Exceeding the Maximum Database Size or Width
As mentioned above, the maximum size of a Microsoft Jet Database is 2GB. To support the very large datasets that may be needed for large blocks of business we introduced the CodeBase engine which has no such limitation, and we have moved many of the AXIS objects to CodeBase. CodeBase is not suitable for all database operations in AXIS so we have started a project to introduce a new local version of MS SQL Server (SQL Server 2012 Local DB) to further improve scalability, and we hope that eventually we will be able to use this engine to replace both MS Jet and CodeBase. You should be able to run any number of policies through any number of scenarios in AXIS without running out of memory or exceeding maximum database size. If you run into an issue please let us know. We may advise you to switch the format of the Import Export Database from Jet (limited) to SQL Server or CodeBase format (unlimited).
Another database limit some users run into is the maximum number of columns allowed in a database table. MS Jet supports 255 columns, MS SQL Server supports 1024 columns and CodeBase supports double that. You may need a lot of columns if for example you wish to export reports with monthly information for 80 years. Once again we may advise you to switch the format of your Import/Export database away from Jet.

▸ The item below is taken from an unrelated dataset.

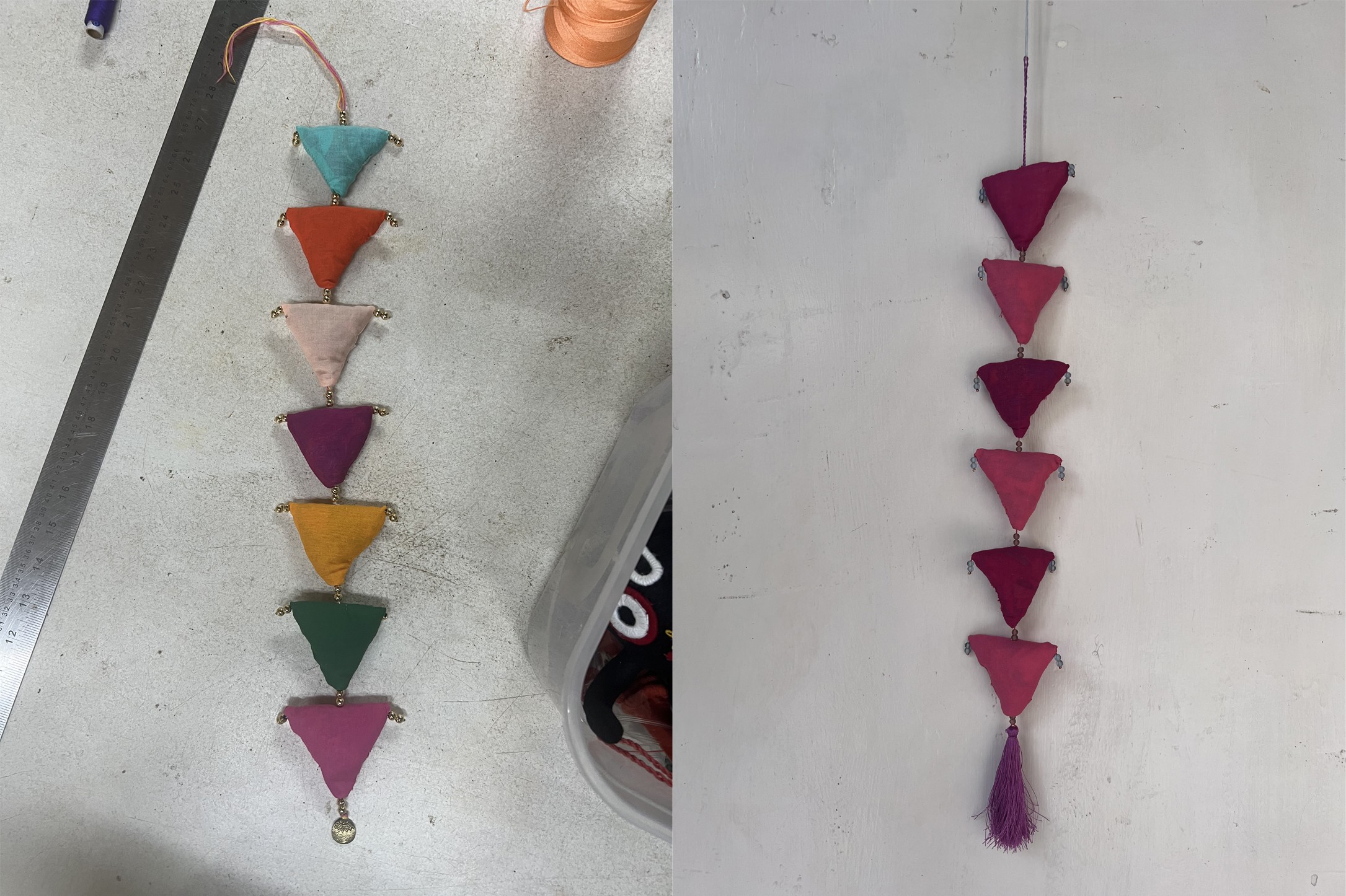 Zusammen haben Tiki Nani und Jill an einem ihrer Prototypen gearbeitet. Dieser gemeinsame Prozess war auch eine Möglichkeit, eine iterative Arbeitsweise exemplarisch zu üben. Es ging darum, zu zeigen, wie eine erste Idee durch das Ausprobieren verschiedener Varianten an Materialien, Techniken und Details verfeinert werden kann. Durch diesen Ansatz kann herausgefunden werden, welche Kombination am besten funktioniert.

You Just Don’t Like the Answer
If AXIS gives you an answer that doesn’t match your expectations then one of three things may be happening:
My first suggestion is to simplify the cell as much as possible so it is easier to validate the calculations. Running a single policy, without reinsurance may help. You can even remove lapses or mortality. This can help to isolate the problem. If you believe the problem is at our end, give us a call and we will try to isolate the issue. If it is a bug in AXIS, we will fix it. If it is a missing feature you can request an option be added to AXIS to give you the answer you need. If your settings are wrong, we can help you with that too. Our client support desk is standing by.
AXIS is a powerful and complex system. It incorporates multiple relational databases, supports High Performance Computing methods and deals with massive (virtually unlimited) amounts of computation and data, all within a fixed memory footprint. We want you to have the very best experience possible, and our aim is that you can always run smoothly without ever running into any of these issues. So please follow our minimum requirements in full and, if possible, also follow our recommendations. If something goes wrong, let us know and we’ll help you to sort it out.
If something does go wrong, it may be our fault. Since we started in 1989, we have solved every single problem which is our fault, and we have also found our way around many issues caused by errors in the operating system and even faults in client equipment. Even if the problem is at your end, we will help as much as we can and we will not close a case until the problem is solved.
We just want to get you going again as soon as we can. That’s our job.